Dessa forma, os autores afirmam a mútua constituição entre sociedade civil e Estado, entendendo que tanto as instituições como os agentes estatais não são resultados, apenas, do contexto externo das estratégias adotadas por eles. A institucionalização não ocorre de forma geral ou universal, mas por meio da “sedimentação” de entendimentos, ideias e reivindicações (ou parte delas) pelas instituições do Estado. Para os autores, “tal sedimentação cristaliza encaixes, os quais fazem funcionar a seletividade das instituições a favor dos atores sociais que os construíram” (SZWAKO; LAVALLE, 2019, p. 416).

A abertura ou permeabilidade do Estado às demandas de determinados agentes da sociedade considerados como outsiders devem ser entendidos enquanto construções específicas que são delimitados por períodos temporais e espaciais. Isso quer dizer que em um certo período histórico, o Estado foi capaz de institucionalizar (mesmo que parcialmente) algumas demandas ligadas aos movimentos sociais se aproximando desses atores, enquanto em outros períodos isso não ocorre (SZWAKO; LAVALLE, 2019). Acreditamos que o processo de institucionalização simbólica ocorre de forma mais frequente em períodos de transição ou pós transição democrática, como é o caso da Colômbia.
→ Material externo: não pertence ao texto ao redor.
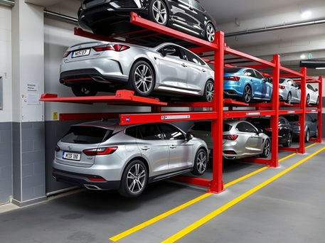 mechanical devices that use platforms and hydraulic or electric lifts to stack two or more vehicles vertically within the footprint of a single traditional parking space.
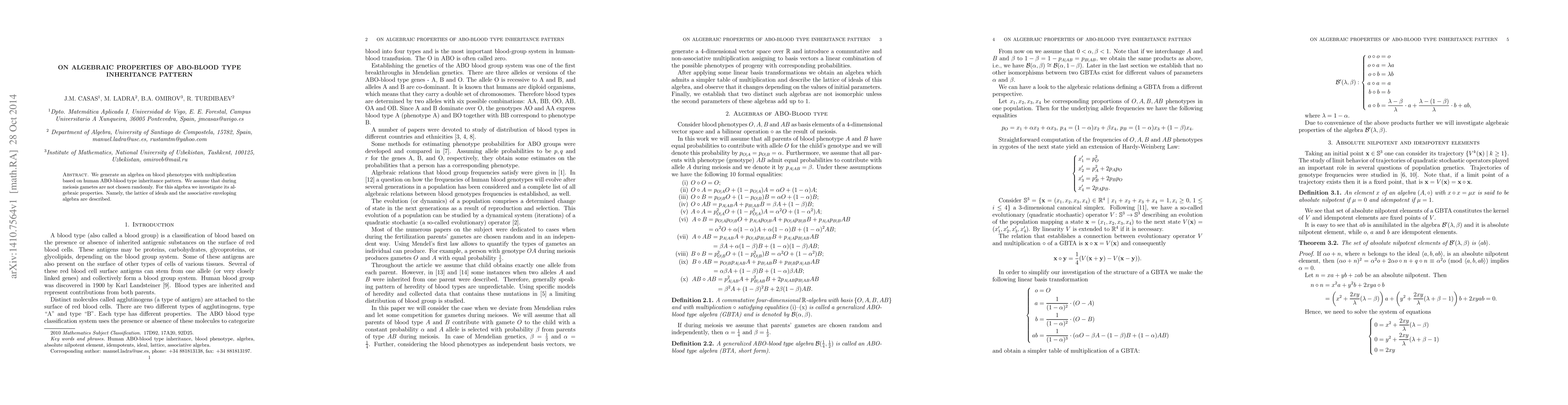 We generate an algebra on blood phenotypes with multiplication based on human ABO-blood type inheritance pattern. We assume that during meiosis gametes are not chosen randomly. For this algebra we investigate its algebraic properties. Namely, the lattice of ideals and the associative enveloping algebra are described.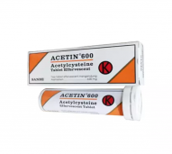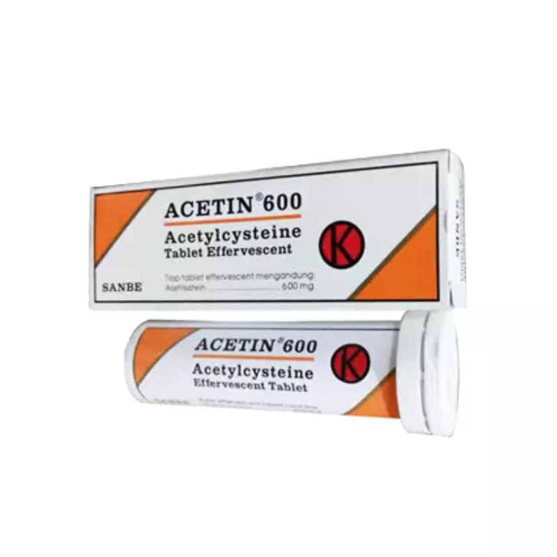 ACETIN 600 TABLET EFFERVESCENT mengandung zat aktif Acetylcysteine, obat yang termasuk agen mukolitik. Obat ini digunakan untuk mengatasi penyakit pada saluran pernapasan yang ditandai dengan hiperseksresi dahak/mukus, misalnya bronkitis akut atau kronis, emfisema paru, mucoviscidosis, asma bronkial yang disertai kesulitan pengeluaran dahak, obat ini juga digunakan untuk mengobati kasus toksisitas akibat over dosis paracetamol. Dalam penggunaan obat ini harus SESUAI DENGAN PETUNJUK DOKTER.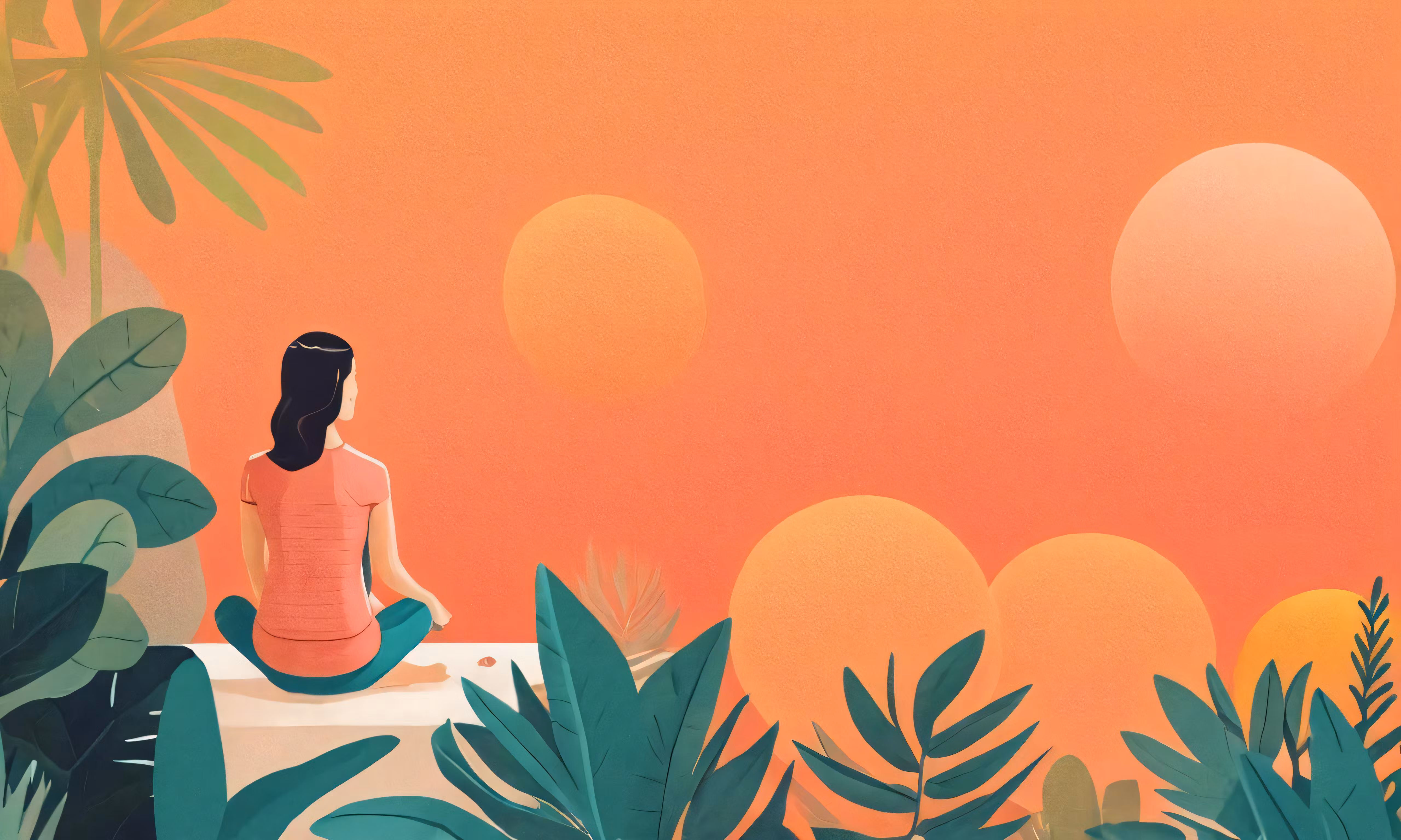 High resolution picture, free to use, a girl meditating in the middle of an open, colorful tropical jungle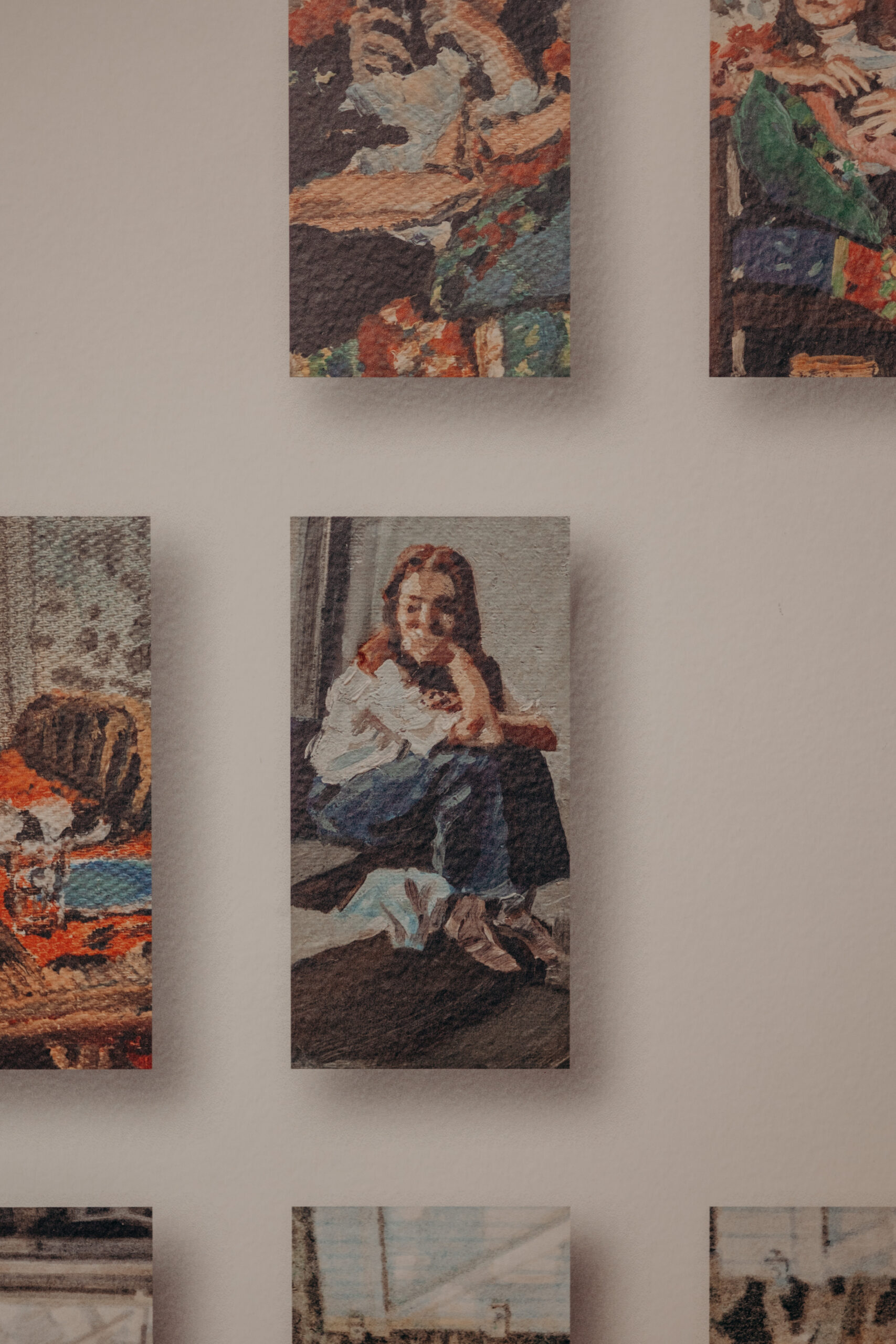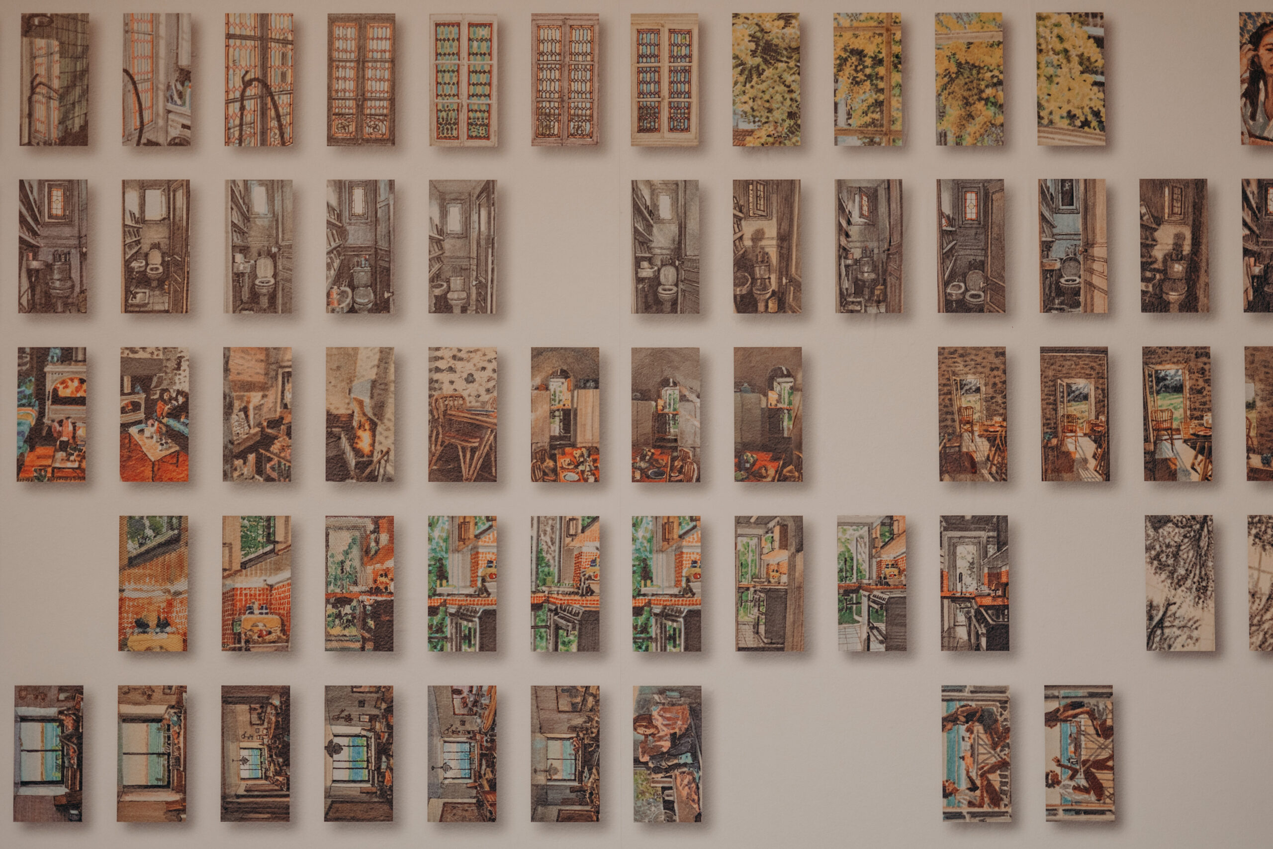 Anne Sedel peint depuis 2016 les « souvenirs de sa vie sur terre ». Ses formats ont la taille d’un téléphone portable tel que «Ariane aux rochers» et «Katia à la Petite Corbière». Elle a peint plus de mille lieux qu’elle aime : ses enfants, son atelier, les sanitaires et beaucoup de fenêtres. Ses miniatures de la vie quotidienne gardent précieusement l’essentiel à ses yeux. Elle les a rassemblées, ponctuées de respiration, pour créer un papier peint réunissant ses « portraits d’intérieurs ».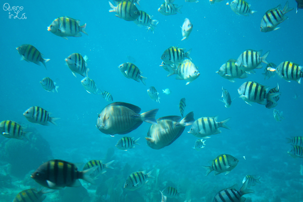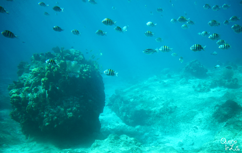 Nesse período, já pós-manhã, não há muita diversidade de espécies. O que reina são peixinhos listrados que, se não me engano, chamam-se sargentos. O guia vai explicando sobre as formações de corais e a vida dos animais marítimos. Segundo ele, de manhã é possível ver polvo, lula, tartaruga e até tubarão. O passeio dura pouco mais de uma hora e custa salgados U$47,00 por pessoa. Imagino que fechando fora do cruzeiro seja um pouco menos caro.

O conflito colombiano, em seus mais de 50 anos, afetou de forma desproporcional alguns segmentos da população. As mulheres, as populações afrodescendentes, os LGBTI+, as/os indígenas e as populações do campo foram expostos a diversas formas de violências, o que influenciou (diretamente) na sua atuação no projeto da construção da paz na Colômbia

(CENTRO DE MEMORIA HISTÓRICA, 2018; HUMANAS COLOMBIA, 2017). As formas de articulação dos movimentos possibilitaram aos indivíduos a participação nos Fóruns Regionais e Nacional para as vítimas, na Subcomissão de gênero e na própria Conferência de paz em Havana, Cuba – conforme desenvolvido no capítulo 3.

Partindo da compreensão de que documentos são muito mais que simples junções de ideias, torna-se necessário compreender as tensões, silenciamentos e destaques dados ao que é/foi incorporado aos documentos como frutos de lutas políticas. A etnografia de documentos (VIANNA, 2014) pode ser apontada como instrumento necessário para nos ajudar a compreender, por exemplo, que o primeiro acordo de paz apresentado e votado em plebiscito reflete toda uma articulação dos movimentos sociais de institucionalizar de forma simbólica suas demandas de base interseccional, buscando criar, de forma conjunta, políticas sensíveis as especificidades das pessoas. A incorporação de um enfoque diferenciado e de gênero em cada um dos pontos dos acordos de paz, feita majoritariamente por mulheres na subcomissão de gênero, pontua e demarca uma posição de inclusão de diferentes experiências e visões de subalternidade durante os anos do conflito armado. Nos capítulos seguintes, buscaremos analisar as ações empreendidas pelos movimentos de mulheres e feministas no período compreendido entre os anos de 2012 e 2016, além de pontuar as conquistas de direitos presentes na primeira versão do documento de paz apresentado.